The list of methods by which the government spies on you seems to grow exponentially by the day. Some people don’t know – others don’t care. They subscribe to tired old arguments like “Well, you can’t stop it or fight it so why bother?” or “They can spy on me all they want, they’ll just be bored.” These arguments reveal two issues: they expose a willful level of ignorance, and they show an unwillingness to learn. That’s an uncomfortable thing to hear for many people, but the fact is that those who dismiss the government and other types of surveillance for the reasons above might as well announce that they are lazy and unconcerned with blatant violations of their privacy – or anyone else’s, for that matter. There are two more incredibly insidious surveillance efforts underway as we speak. The chances are good that you deal with one of them daily. The other? Let’s hope you don’t ever have to.
Facebook’s Ad Engines
A lot of businesses use Facebook to advertise, and those ads come across your feed because Facebook, in its infinite wisdom, thinks you’ll click on it. How does Facebook know what you’ll choose? Every single thing you have ever clicked, posted, shared, or viewed gets cataloged and used to profile you. While you might feel a bit uncomfortable about that in the abstract sense, let’s examine exactly what Facebook has collected on you personally. You can go to your Facebook account and see for yourself – just go to https://www.facebook.com/ads/preferences.
Interestingly enough, Facebook says you can “take control over your ad experience.” That suggests that you are not currently in control of it – which is true, you’re not. Look at the first heading: Your Interests. These are the kinds of ads and other content you’ve explored before, and not necessarily just on Facebook. The list is paginated so be sure to go through all the tabs and subjects.

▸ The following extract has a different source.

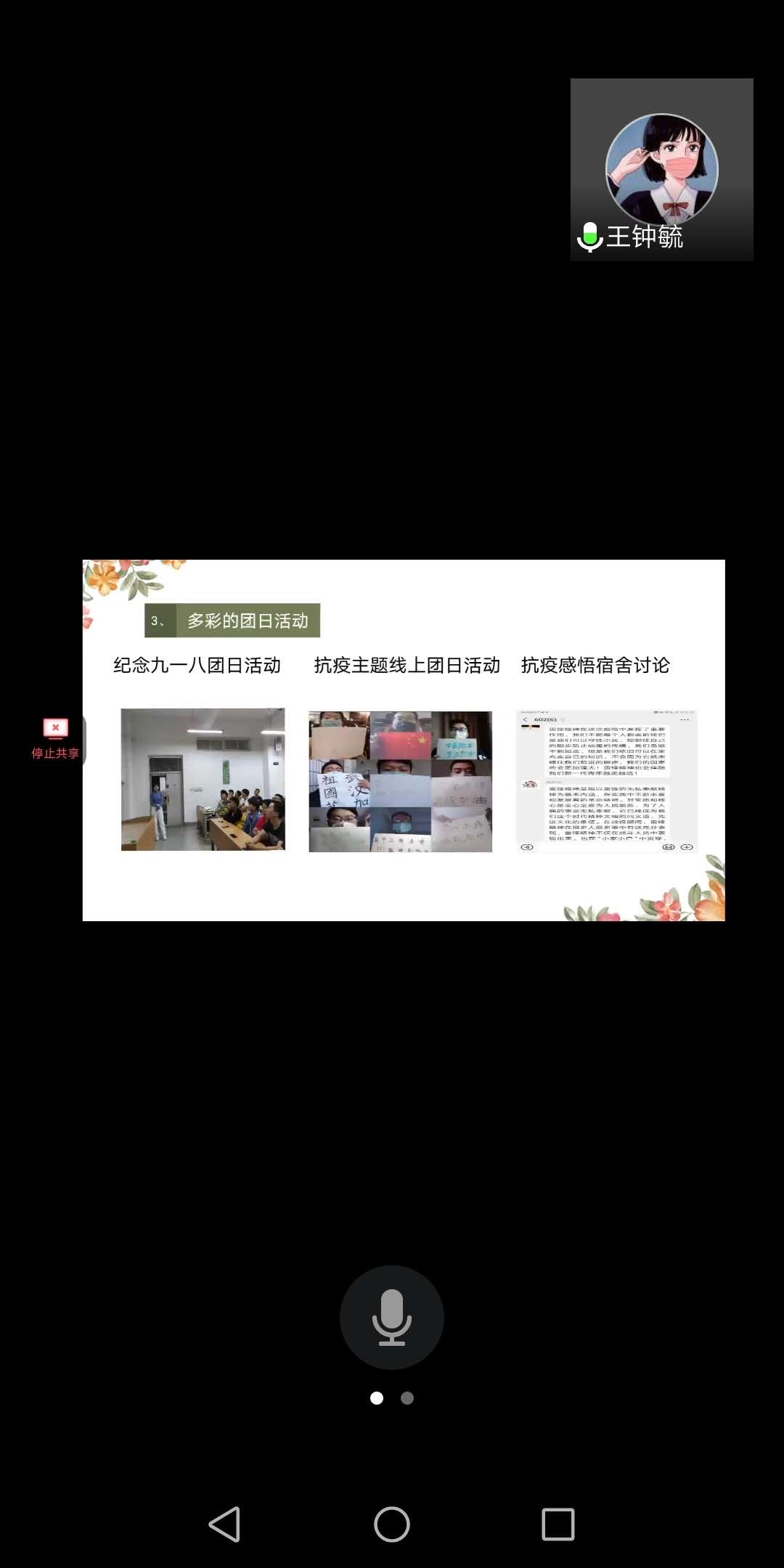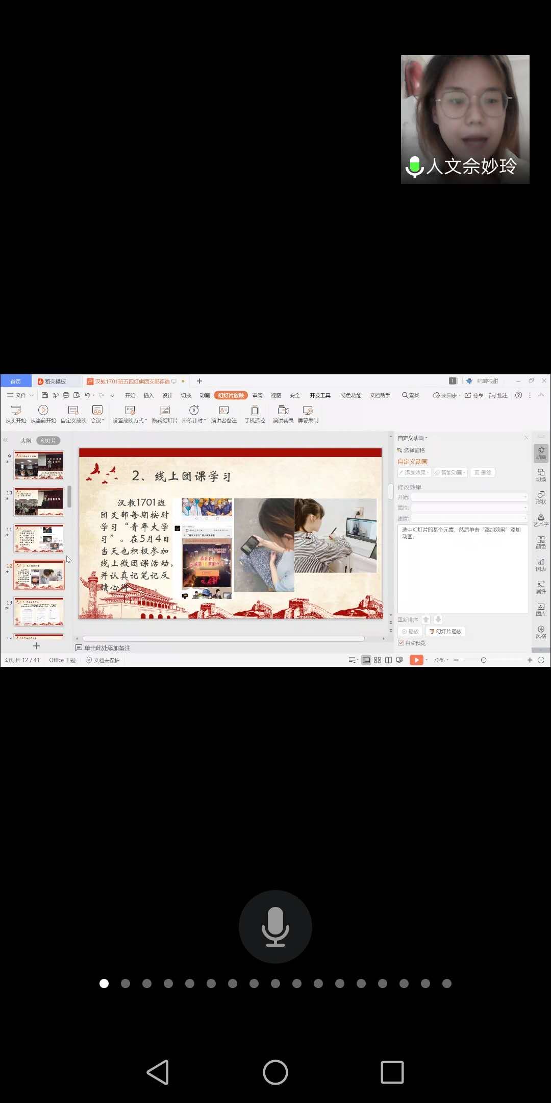 5月8日,经公司初步评审,最终评选出五个团支部参加此次答辩会,分别是英语1701团支部、汉语国际教育1701团支部、英语1801团支部、汉语国际教育1801团支部以及法学1901团支部。各团支部准备充分,团支书们依次通过“共享屏幕”进行了ppt汇报答辩,他们从制度建设、支部活动、团员风采等多个方面介绍了支部的基本情况。通过详细的解说,屏幕前的师生领略到了各个团支部的特色和风采。

Scroll down a bit to Your Information, and you’ll see some disturbing things. The subheading About You is fairly standard and might be displayed on your public page anyway – marital status, employer, job title, etc. But click Your Categories, and suddenly you realize who Facebook thinks you are. All that data they’ve collected creates a profile used to peg more advertising to you – and it’s uncannily accurate. Here’s a list of some of the traits Facebook gathered about one person I studied:
- He was Likely to Engage in Political Debate (very conservative)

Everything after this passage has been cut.